Вскоре, на торжественном параде, в занятом Инстербурге, под звуки полковых маршей, генерал от кавалерии фон Ренненкампф обходил строй, здороваясь с полками и благодарил их за боевую работу. День стоял ясный, и в самом воздухе витала торжественность, а Алексей Валерьевич ёжился под лучами холодного осеннего солнца. Он чувствовал себя чужаком на этой площади, окружённой чуждой его русскому сердцу прусской архитектурой игрушечных, пряничных домиков. И даже раздача первых боевых наград, по окончании молебна из рук командующего армией от имени Государя Императора не сгладила этого ощущения. А ведь Алексей Валерьевич был награждён перед всем строем Георгиевским крестом 3-й степени за храбрость, проявленную в бою у Ярославице. Но какова цена наградам, когда уже через несколько дней началось поспешное отступление Первой русской армии к границе, а затем за реку Неман? И отвод войск сопровождался не только ожесточенными боями, но и паникой в тылах.
− Вы слыхали, ротмистр, Самсонов застрелился! Мартос, Клюев в плену! – говорили офицеры. – Структура армий постоянно меняется, неопределенность в подчинении отдельных соединений! Бардак! Повсюду бардак! Как же так можно воевать?!
Но, что сейчас могли изменить эти слова? И штабом армии было принято решение использовать части гвардейской кавалерии для наведения порядка. Два эскадрона лейб-гвардии Конного полка направились в район Мариамполя. Одним из них стал эскадрон Алексея Валерьевича.
Получив приказ штаба армии в гарнизонном собрании, Алексею Валерьевичу требовалось сделать по нему необходимые распоряжения по эскадрону, да так, чтобы не пал боевой дух солдат. А ведь всего несколько недель назад этот дух у русских людей лился через край. Ещё несколько недель назад сотни людей вылились рекой на дворцовую площадь столицы, с флагами, пением гимна. При появлении царя на балконе Зимнего дворца все эти люди бросились на колени.

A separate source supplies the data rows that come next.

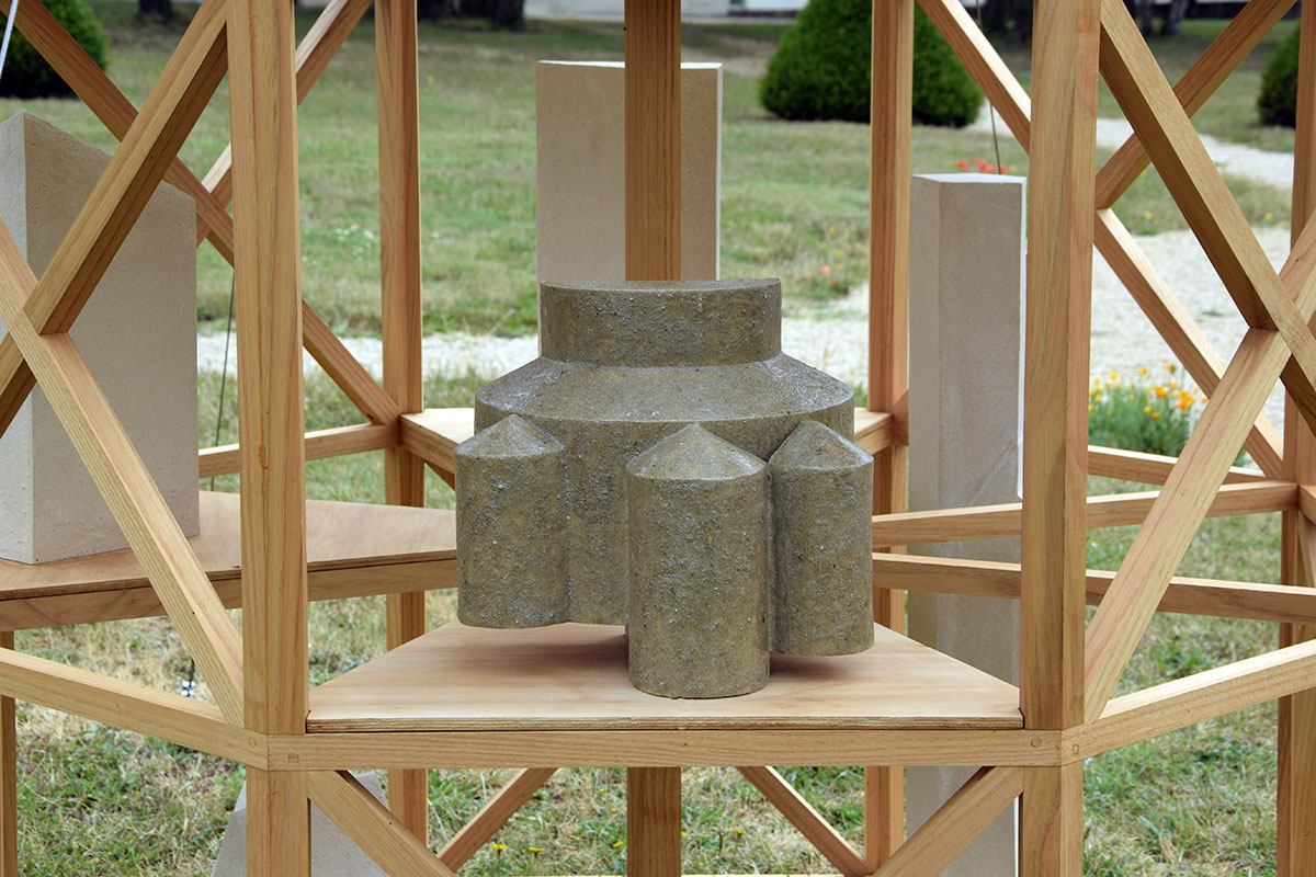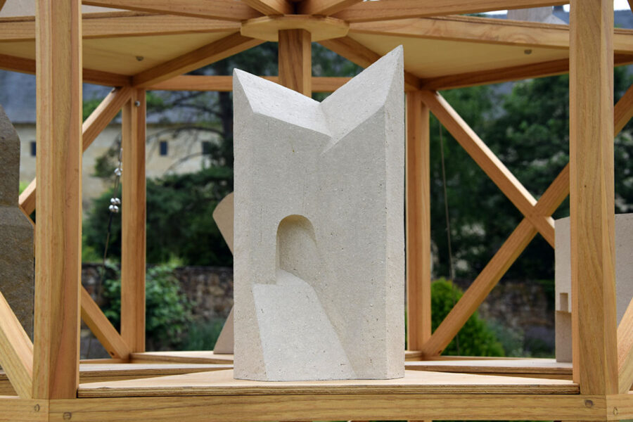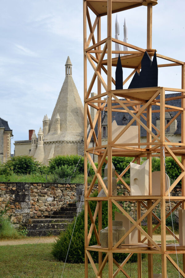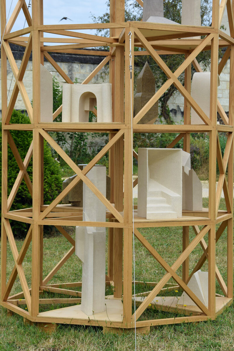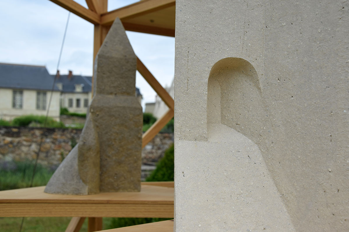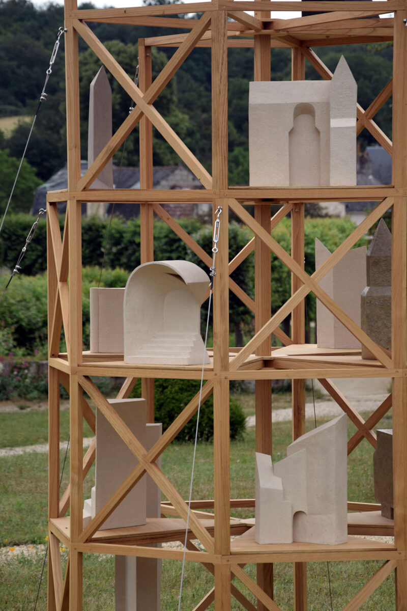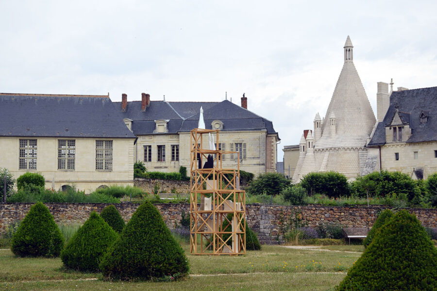 J’ai choisi d’habiter cette construction de plusieurs sculptures en céramique. Réalisées à partir d’un travail de collecte photographique puis de dessin, elles peuvent être issues d’éléments partiels ou entiers. Elles sont autant d’indices convoquant différentes échelles et plusieurs points de vue pris de l’Abbaye de Fontevraud, m’ayant intriguée par leur particularité. La plupart d’entre elles conservent un aspect brut qui rappelle le tuffeau, la pierre locale. Les sculptures les plus hautes possèdent un revêtement opalescent évoquant la nacre, un matériau employé dans les usines par les prisonniers confectionnant les boutons durant l’époque carcérale de l’Abbaye. Placées au plus haut de la structure, elles en sont le fanal. D’autres situées plus bas sont recouvertes d’un émail fait à base d’argile sédimentaire verte récoltée dans la forêt de Fontevraud à l’occasion d’une randonnée, s’inspirant du voeu de Robert d’Arbrissel d’être «enterré dans la boue de Fontevraud». La sculpture noire reprend la sombre silhouette des toits de l’abbatiale que je contemplais dans la lumière du levant depuis la chambre dans laquelle je logeais, située au-dessus de la porte d’entrée.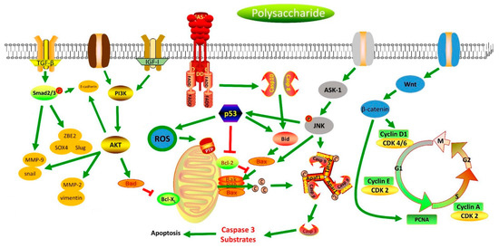 By reviewing the above literature, it can be seen that there are more than 60 polysaccharides (including single polysaccharide components and polysaccharide fractions) that have the potential to be used in the treatment of gastric cancer. Despite the large number of studies, most research shows that these polysaccharides have anti-gastric cancer effects that regulate different signal pathways, including the inhibition of the TGF-β, AKT/PI3K, IGF/IR, and Wnt/β-catenin signaling pathways, and activate the MAPK and Fas/FasL signaling pathways (Figure 3). The anti-gastric cancer signaling mechanisms of polysaccharides can be summarized as follows: They inactivate Smad2 signaling and inhibit the expression of SOX4, ZEB2, MMP9, Snail, and Slug by inhibiting the activation of the TGF-β signaling pathway [81]. Additionally, they also reduce the expression of MMP-2, MMP-9, Snail, and vimentin and upregulate the expression of E-cadherin through inhibiting the AKT/PI3K signaling pathway and inducing the apoptosis of SGC-7901 cells by increasing the expression of caspase-8, caspase-3, p53, Bax, and Bad and by reducing Bcl-2 and Bcl-xl expression through inhibiting the PI3K/AKT signaling pathway [84]. Polysaccharides also induce apoptosis in AGS gastric cancer cells via an IGF-IR-mediated PI3K/Akt pathway or by increasing PARP cleavage and Bcl-2 and by promoting caspase-3 and Cf-PS activation by decreasing the phosphorylation of IGF-IR; they also induce the apoptosis of MKN28 cells by activating the Fas/FasL signaling pathway and induce the apoptosis of SGC-7901 cells by decreasing the expression of c-myc and bcl-2 and increasing the expression of p53, fas, fas-L, and the cell factor TGF-β1 [97]. In addition, polysaccharides also inhibit 1-methyl-2-nitro-1-nitrosoguanidine-induced precancerous lesions in gastric cancer rats by downregulating the gene expression of Wnt2β, Gsk3β, PCNA, CyclinD1, and β-catenin by inhibiting the Wnt/β-catenin signaling pathway [116]. They also regulate the expression of cell cycle-associated proteins, cyclins, and CDKs by inhibiting the proliferation of MGC-803 and SGC-7901 cells by blocking the cell cycle during the G0/G1 and S phases, respectively; downregulating the expression of phosphorylated p-Cdk2T160 and p-Rb [126] and upregulating the expression of the CDK2 inhibitor by blocking the cell cycle at the G1 phase [137]; and inhibiting the proliferation of BGC-823 cells and MKN45 cells by blocking the cell cycle at the G2/M phase [82]. Moreover, polysaccharides induce the apoptosis of SGC-7901 cells and adriamycin-resistant SGC-7901 cells by enhancing the expression of caspase-3, causing DNA fragmentation and increasing the expression of tumor suppressor genes (SEMA3F, P21WAF1/CIP1, and FBXW7) by activating the MAPK signaling pathway [104]. They can also induce the apoptosis of GES-1 cells by reducing the expression of Bcl-2 and increasing the expression of caspase-8, caspase-3, p53, Bax, and Bad, and the polysaccharide HEP-1, as well as by inhibiting the expression of Bcl-2 [76,77]. Polysaccharides can also inhibit the proliferation and DNA synthesis in MKN45 cells by inhibiting the ASK1-p38 signaling pathway and inducing ROS production and JNK phosphorylation and by activating the expression of p53, caspase-9, and caspase-3 [94,95].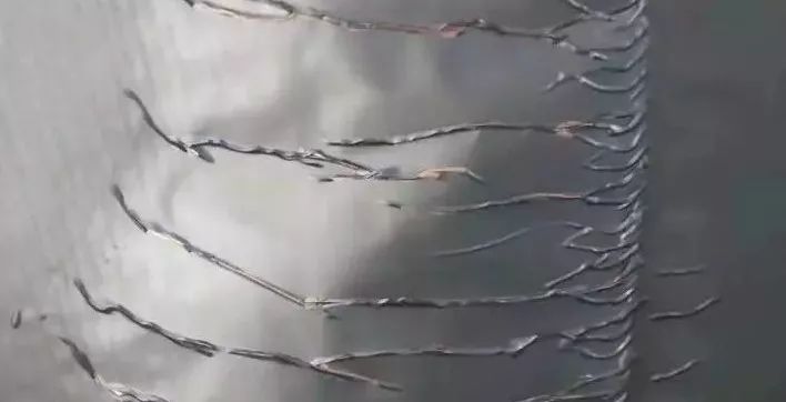 正极极片圆盘分切时,由于张力控制不稳定导致二次切削形成箔材毛刺

А вызвана такая любовь была тем, что уже за первые шесть лет правления Императора Николая II Александровича тяжёлая промышленность империи выросла вдвое, ведущая отрасль – машиностроение, за семь лет увеличила объемы вдвое. Завод Сормово под Нижним Новгородом за две недели выпускал пароход, за два дня паровоз, за один день двенадцать товарных вагонов. За то, что население империи выросло до 130 миллионов человек, что вплоть до начала этой войны Николаевский золотой червонец являлся самой твердой валютой в мире. А, что будет теперь? Что станет с промышленностью, перешедшей на военные рельсы, с экономикой, с людьми? Сколько из них останется жить, да ещё, если усмирять их будут свои же солдаты и офицеры? Но приказ был получен и Алексей Валерьевич, пользуясь своим авторитетом и решительностью, быстро сумел установить порядок в тылах Двадцатого корпуса.
Но главным, во всей этой круговерти фронтовой жизни, для Алексея Валерьевича оставалось одно − чтобы не происходило, какие бы приказы не были отданы ему, и в мирное время не оставляющему времени для своих личных дел, никто не мог забрать у него той минуты, когда едва закрыв глаза перед сном, он видел образ своей Ксенюшки. Той Ксенюшки, которую впервые увидел в Богоявленском, милую, застенчивую с бездонными серыми глазами и доброй улыбкой. Ради этой улыбки он готов был всё вынести и всё вытерпеть. Никакие невзгоды и никакие лишения не могли испугать Алексея Валерьевича, только бы знать, что любимая Ксенюшка ждёт его и где-то улыбается.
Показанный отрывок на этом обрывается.